The simplest way to deploy our trained LDA model is to create a web service using the Flask web framework. A final web app can be deployed within the multi-cloud environment discussed in Appendix.
Appendix:
Multi-Cloud NLP Drug Recommendation
One can use Amazon Comprehend Medical to extract medication names and medical conditions to monitor drug safety and adverse events. Amazon Comprehend Medical is a NLP service that uses AI to easily extract relevant medical information from unstructured text. We query the OpenFDA API (an open-source API published by the FDA) and Clinicaltrials.gov API (another open-source API published by the National Library of Medicine (NLM) at the National Institutes of Health (NIH)) to get information on past adverse events, recalls, and clinical trials for the drug or medical condition in question. One can then use this data in population scale studies to further analyze the drug’s safety and efficacy.

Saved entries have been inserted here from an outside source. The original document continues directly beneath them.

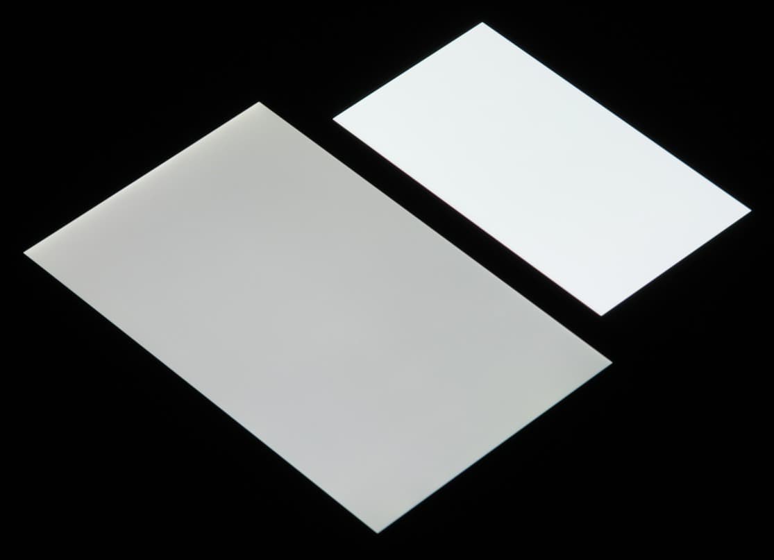 Экран характеризуется великолепными углами обзора, правда белый цвет при отклонении даже на небольшие углы приобретает легкий сине-зеленый оттенок, а под некоторыми углами чуть-чуть розовеет, но черный цвет остается просто черным под любыми углами. Он настолько черный, что параметр контрастности в данном случае просто неприменим. При перпендикулярном взгляде равномерность белого поля хорошая. Для сравнения приведем фотографии, на которых на экраны Meizu Pro 6 и второго участника сравнения выведены одинаковые изображения, при этом яркость экранов изначально установлена примерно на 200 кд/м², а цветовой баланс на фотоаппарате принудительно переключен на 6500 К. Перпендикулярно к экранам белое поле: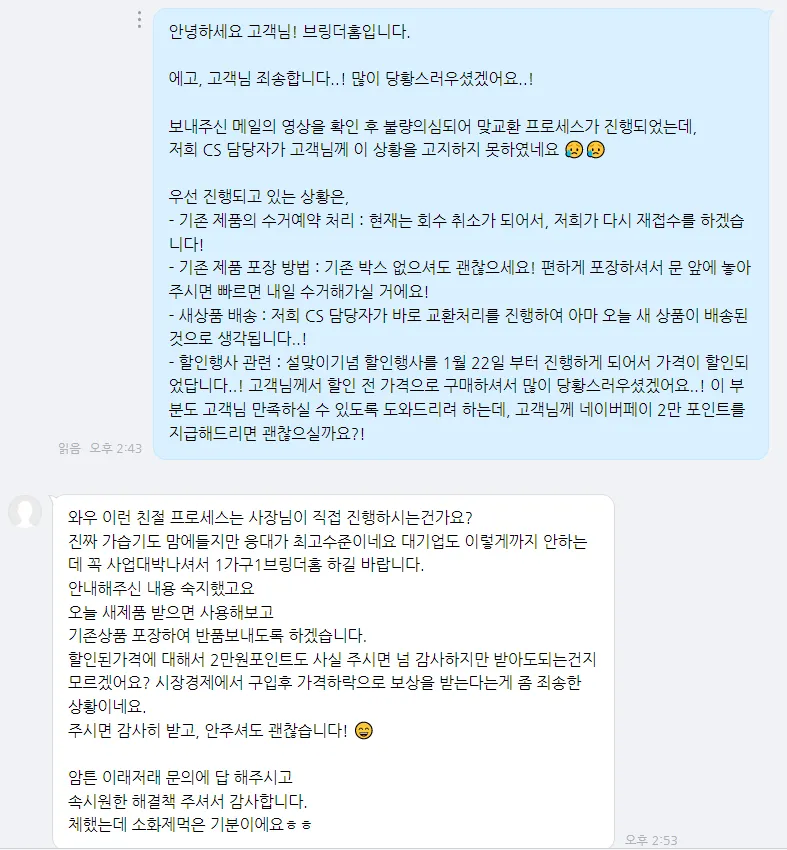 [제품 불량이 있을 순 있어도, 고객 만족은 100%여야 한다] 라는 브링더홈의 영혼은 이 때부터 생겼답니다.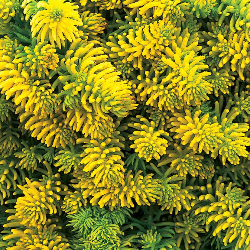 Wonderful as a groundcover or in a rock garden, this sport of 'Angelina' is more compact with brighter foliage. Foliage is the focal point with this no-fuss plant thanks to its striking needle-shaped leaves in a brilliant, golden yellow color.
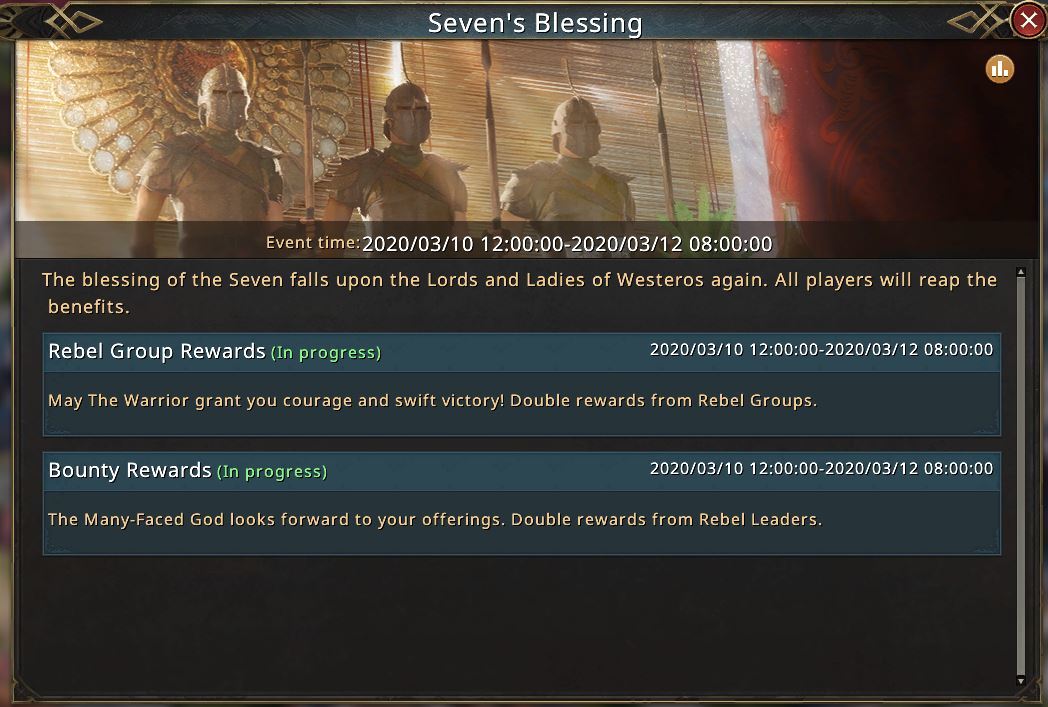 May the seven bless you. You will receive different buffs continuously during this period. Not only double rewards from Weirwood Tree will be availabl, but also damage increase for Alliance Bosses and extra Diamons for Auction. Keep an eye on the buffs and obtain the most rewards possible! Check out the buffs below: - Double Rewards for Weirwood Tree Trials, - Double Rewards for attacking Rebel Groups and Leaders, - Double Rewards for completing Alliance Quests, - 10% increase of your gathering speed, - 20% increase of your damage to Alliance Boss - Extra Diamonds for Auction!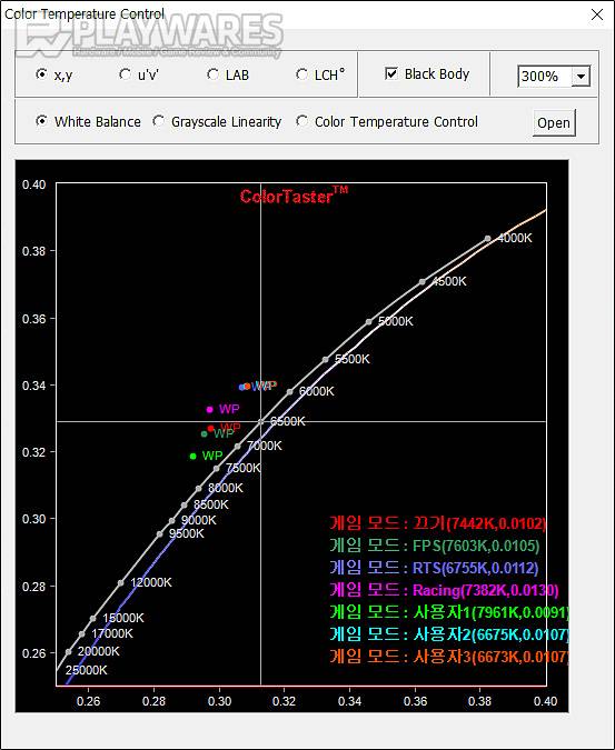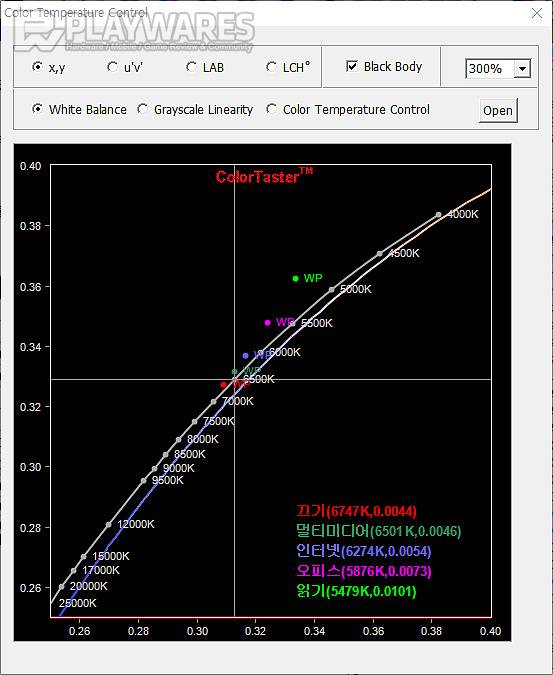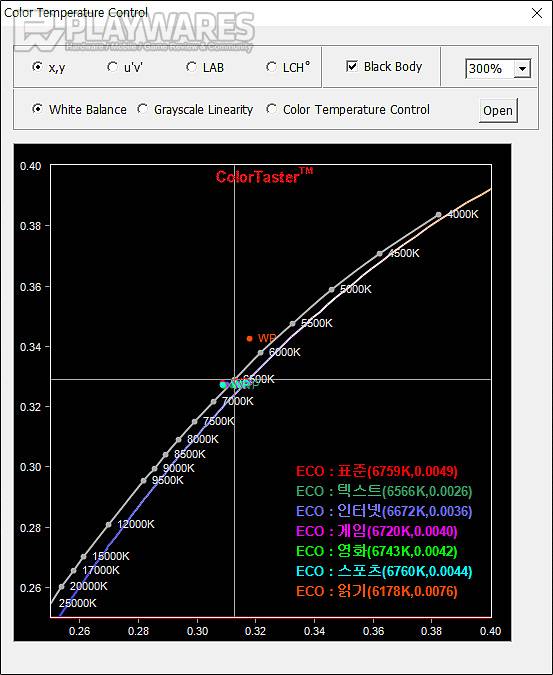 절대온도(K) 수치로 특성을 표현하는 색 온도의 경우 OSD 메뉴를 통해 4가지 타입(따뜻한색, 기본색, 차가운색, sRGB)을 선택할 수 있는데 기본인 따뜻한색과 sRGB 모드가 색 온도 표준 6500K에 가장 가까운 값을 지니게 설정해놓았습니다. 기본색과 차가운색은 점점 더 높은 색 온도로 푸른(Bluish) 느낌이 강해지는 특징이 있으니 참고하시면 좋겠습니다. ECO와 게임모드는 대부분 기본 색 온도 설정을 따라가는데 일부 항목(읽기, 사용자1)에서는 조금 더 높은 색 온도로 차이가 있고 그 외 청색광 차단 모드인 로우블루 모드에서는 기본 끄기에서 시작해 멀티미디어, 인터넷 순으로 청색광 차단 효과가 높아지며 낮은 색 온도(Reddish)가 연출되는 프리셋이 확인됩니다.

Several successful case studies can guide you through the process of creating an ERC20 token recommendation system built with TensorFlow, Cloud Machine Learning Engine, Cloud Endpoints, and App Engine created at Google Cloud. The key point is the collaborative filtering technique for generating user recommendations. Collaborative filtering relies only on observed user behavior to make recommendations — no profile data or content access is necessary. The entire workflow looks like this:
- Creating and training the model for token recommendation system
- Query token ratings from BigQuery
- Train the model locally and in Google ML Engine
- Tuning hyperparameters in Cloud ML Engine
- Deploying the recommendation system to Google App Engine
With the development of e-commerce, a growing number of people prefer to purchase medicine online. To provide online medication guidance, the novel cloud-assisted drug recommendation system CADRE can recommend users with top-N related medicines according to symptoms.

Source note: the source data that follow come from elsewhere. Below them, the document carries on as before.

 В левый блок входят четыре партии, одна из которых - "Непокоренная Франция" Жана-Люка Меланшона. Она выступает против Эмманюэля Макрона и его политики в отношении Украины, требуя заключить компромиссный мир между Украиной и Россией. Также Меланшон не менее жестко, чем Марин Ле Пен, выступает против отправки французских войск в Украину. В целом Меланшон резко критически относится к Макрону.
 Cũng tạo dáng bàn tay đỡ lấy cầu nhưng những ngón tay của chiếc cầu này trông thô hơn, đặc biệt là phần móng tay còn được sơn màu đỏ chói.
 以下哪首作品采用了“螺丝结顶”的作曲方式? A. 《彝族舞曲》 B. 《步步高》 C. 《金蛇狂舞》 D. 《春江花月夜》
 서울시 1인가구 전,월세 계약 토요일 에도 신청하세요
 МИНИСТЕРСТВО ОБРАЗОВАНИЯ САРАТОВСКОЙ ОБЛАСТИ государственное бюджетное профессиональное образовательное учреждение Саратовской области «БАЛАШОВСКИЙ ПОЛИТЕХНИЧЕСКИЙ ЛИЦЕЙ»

Healthcare organizations are using Azure products and services—including hybrid cloud, mixed reality, AI, and IoT—to drive better health outcomes, improve security, scale faster, and enhance data interoperability.

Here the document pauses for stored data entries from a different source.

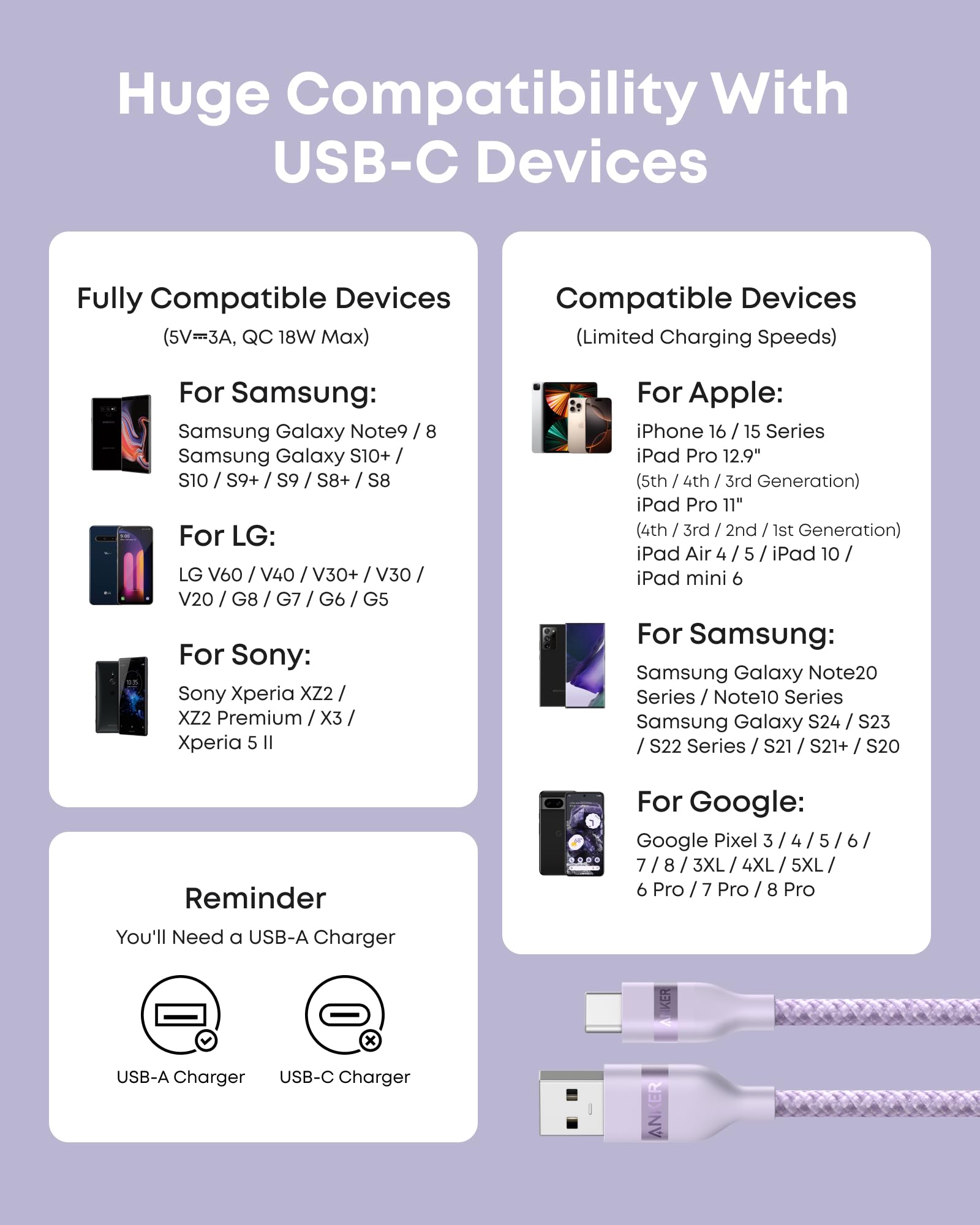 - What You Get: Anker USB-A to USB-C Cable (3 ft/6 ft, Upcycled-Braided), welcome guide, 24-month warranty, and our friendly customer service.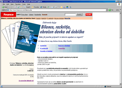 | You are here: Home » The Marketing Diary » Real-life Marketing Experience » Integrated E-book Marketing Strategies: The Finance Case Integrated E-book Marketing Strategies: The Finance Case E-books are everywhere and extremely hard to market, largely due to huge market saturation. Success requires integrating different marketing tools, including offline. Luckly we didn't have the saturation problem when we started publishing e-books at the business daily Finance in Slovenia beggining of this year, since we were practically building the e-book market (there were e-books before, but none were comercially successful). But still, instead of just focusing on one marketing tool, we tried using a more complex combination. The first e-book that we published (the subject was accounting) sold 700 copies in the first 2 weeks, and that on a market with a mere 2.000.000 population. It then went on and became the absolute Slovenian e-book bestseller, selling more than 1.000 copies, which is alot even for print books here. The sales mini-site achieved a total 14% conversion from visitors to buyers. What's interesting about this case are the sales sources (the sales sources that generated sales): Racunovodja.com: 28% [an affiliate marketing deal; 25% commission; a web site focused on accountants] The thing that surprised me the most was the print campaign: based on our statistics, only 3% of the people that bought the e-book came to the sales mini-site from print ads in the business daily. Unfortunatelly we cannot precisely determine whether print advertising also had an indirect effect, but we I'm predicting that it had. It's also interesting to know that the first 540 customers also received a special bonus: a print cover for the e-book. They could simply print the e-book and then insert the material in to the cover and bind it. While most customers e-mailed us to see where their cover is (the printing took a little more time than anticipated), I believe that the actual cover didn't have much impact on sales, since the e-book was still selling with the same success when we stopped offering it. After reaching 540 customers we also increased the price for app. 50%. The change again didn't have a negative impact on our sales. Oh, and there was something else interesting as well: our customers could simply download the e-book after "ordering" it and then pay a week or two later, after receiving the invoice from us. Yes, we actually let them have it before paying for it --> more than 95% actually paid! The Sales Mini-Site Screenshot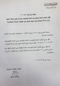 إستنادا للمرسوم رقم 15215 تاریخ 2005/9/27 وتعديلاته، الذي يحدد الأعياد والمناسبات الرسمية، اعلنت رئاسة مجلس الوزراء اقفال جميع الإدارات العامة والمؤسسات العامة والبلديات يومي الجمعة الواقع فيهما 2020/12/25 و 1/ 1/ 2021 ، وذلك بمناسبة عيدي الميلاد ورأس السنة الميلادية.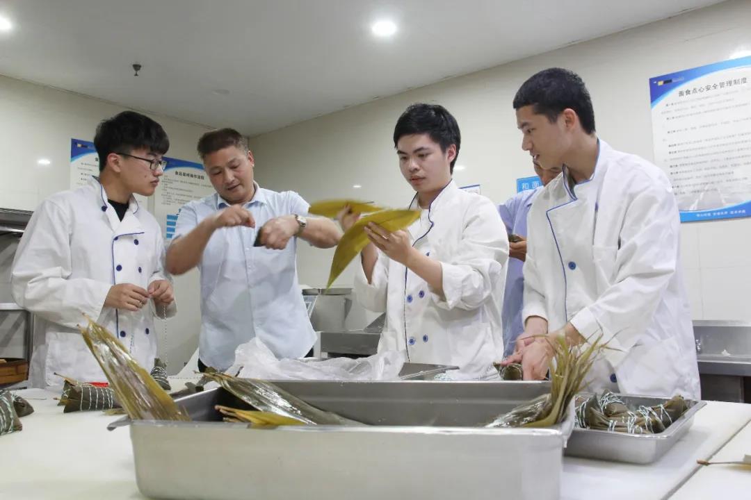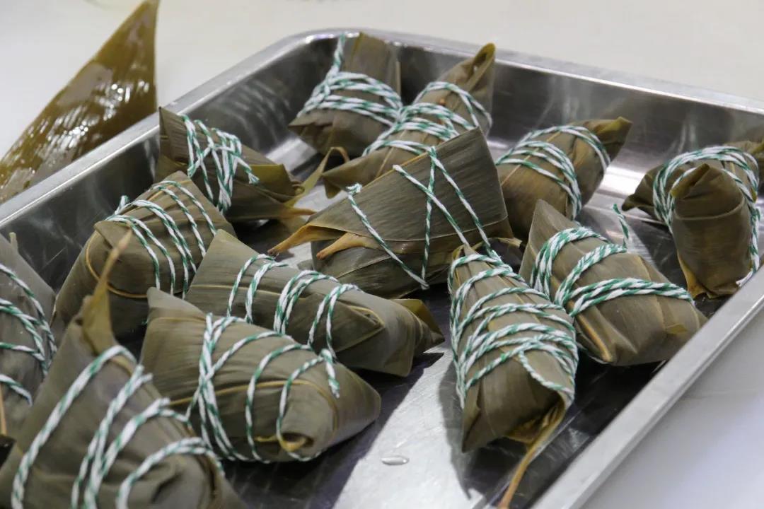 “端午”到,吃粽子,粽子好吃也要会包。安吉校区后勤党支部组织学生来到“寿师傅生活课堂”学习包粽子,回味传统习俗。捋粽叶、装糯米、放红豆、穿绳系紧,包粽子的必要“套路”,“寿师傅”们手把手教。香软糯米,甜美馅料,清香荷叶,每一颗粽子都是师生们纯手工制作,心意满满,“粽”含深情。

Text Analytics is now Azure Language Service. Specifically, Sentiment Analysis and Opinion Mining, Named Entity Recognition (NER), Entity Linking, Key Phrase Extraction, Language Detection, Text Analytics for health, and Text Summarization are all part of the Language Service as they exist today.
Using the Text Analytics NER, users can extract known types like person names, geographical locations, datetimes, and organizations. However, lots of information of interest is more specific than the standard types. The capability allows you to build your own custom entity extractors by providing labelled examples of text to train models.